MOISESSO, Faustino
– Nacque a Udine il 26 sett. 1582, primo dei nove figli di Ottilio Moyses e di Olimpia de Onestis.
Il padre portava ancora il nome originario del casato; la forma Moisesso fu adottata solo dai figli. La famiglia era forse di origine ebraica, ma risulta convertita già al suo arrivo a Udine, nel penultimo decennio del Trecento, con Moyses Moyses, mercante di Villach in Carinzia. Un figlio di Moyses, Giovanni, fu un apprezzato giurista; i suoi discendenti entrarono nel patriziato cittadino udinese e conseguirono un discreto patrimonio, acquistando beni in città, a Tarcento e in località vicine.
La biografia del M. presenta ancora molti punti oscuri, nonostante il recente ritrovamento delle carte di famiglia nell’archivio privato della famiglia Florio, che raccolse l’eredità dei Moisesso alla loro estinzione, nel secolo XVIII. Secondo le annotazioni del padre, nell’aprile 1597 il M. fu portato a Graz per frequentare il locale Collegio dei gesuiti: nell’immatricolazione ai corsi di retorica, il 15 febbr. 1601, compare come «Faustinus Moysesius, Italus, Utinensis» (Die Matrikeln, p. 20). La contemporanea presenza a Graz di due sudditi ungheresi dal cognome analogo, Martinus e Georgius Moyses, provenienti dal comitato di Turóc (nell’attuale Slovacchia), pone il problema dell’origine della famiglia da quella regione e dei collegamenti che essa vi potesse aver mantenuto. Non sappiamo se i tre studenti avessero approfondito l’eventuale rapporto di parentela. Giorgio Moyses, laureato nel 1604, divenne gesuita; Martino nel 1602 interruppe gli studi e partì per l’Italia.

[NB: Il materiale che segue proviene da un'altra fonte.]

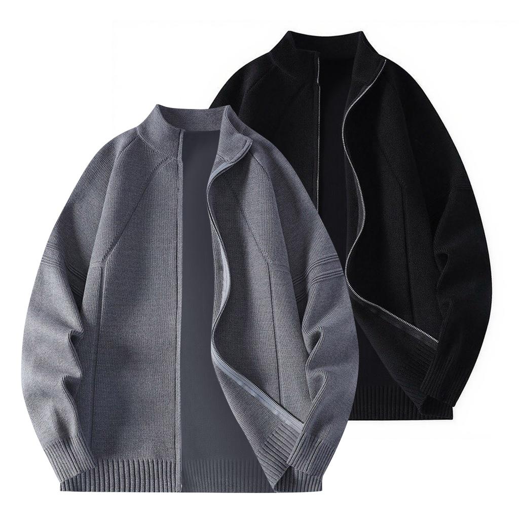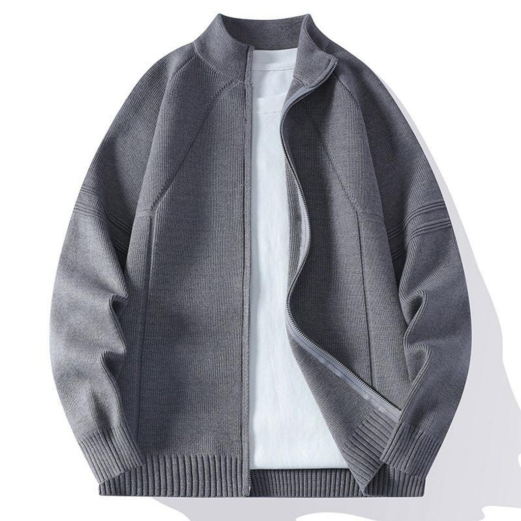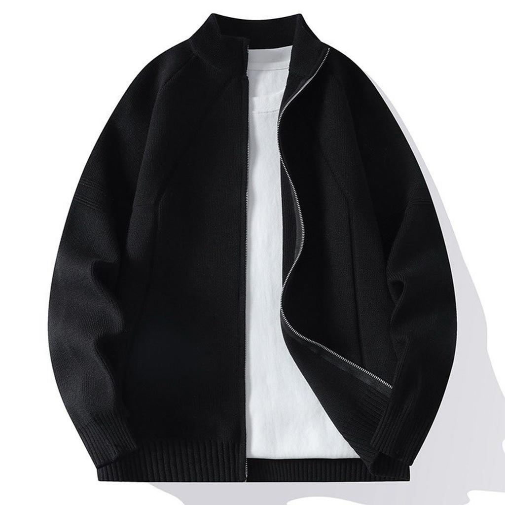 Мужская однотонная текстурированная повседневная спортивная свободная модная вязаная куртка на молнии

A Graz il M. diede la prima prova come letterato, con la composizione della tragedia latina in cinque atti Sebastianus Lusitaniae rex, dedicata all’arciduca Ferdinando d’Asburgo (futuro imperatore Ferdinando II).
L’opera, inedita e pervenuta in un unico codice (ora a Rein, Stiftbibliothek di Rein, Mss., 188, ma fino al 1758 a Graz), rientra nei canoni del teatro gesuitico; sembra destinata più a una lettura pubblica che a una vera e propria messa in scena e potrebbe rappresentare la brillante esercitazione di fine corso. La tragedia rievoca la figura del sovrano portoghese, ucciso nel 1578 in Marocco mentre combatteva contro i mussulmani, come esempio di principe cristiano che unisce in sé le virtù cristiane e il valore militare.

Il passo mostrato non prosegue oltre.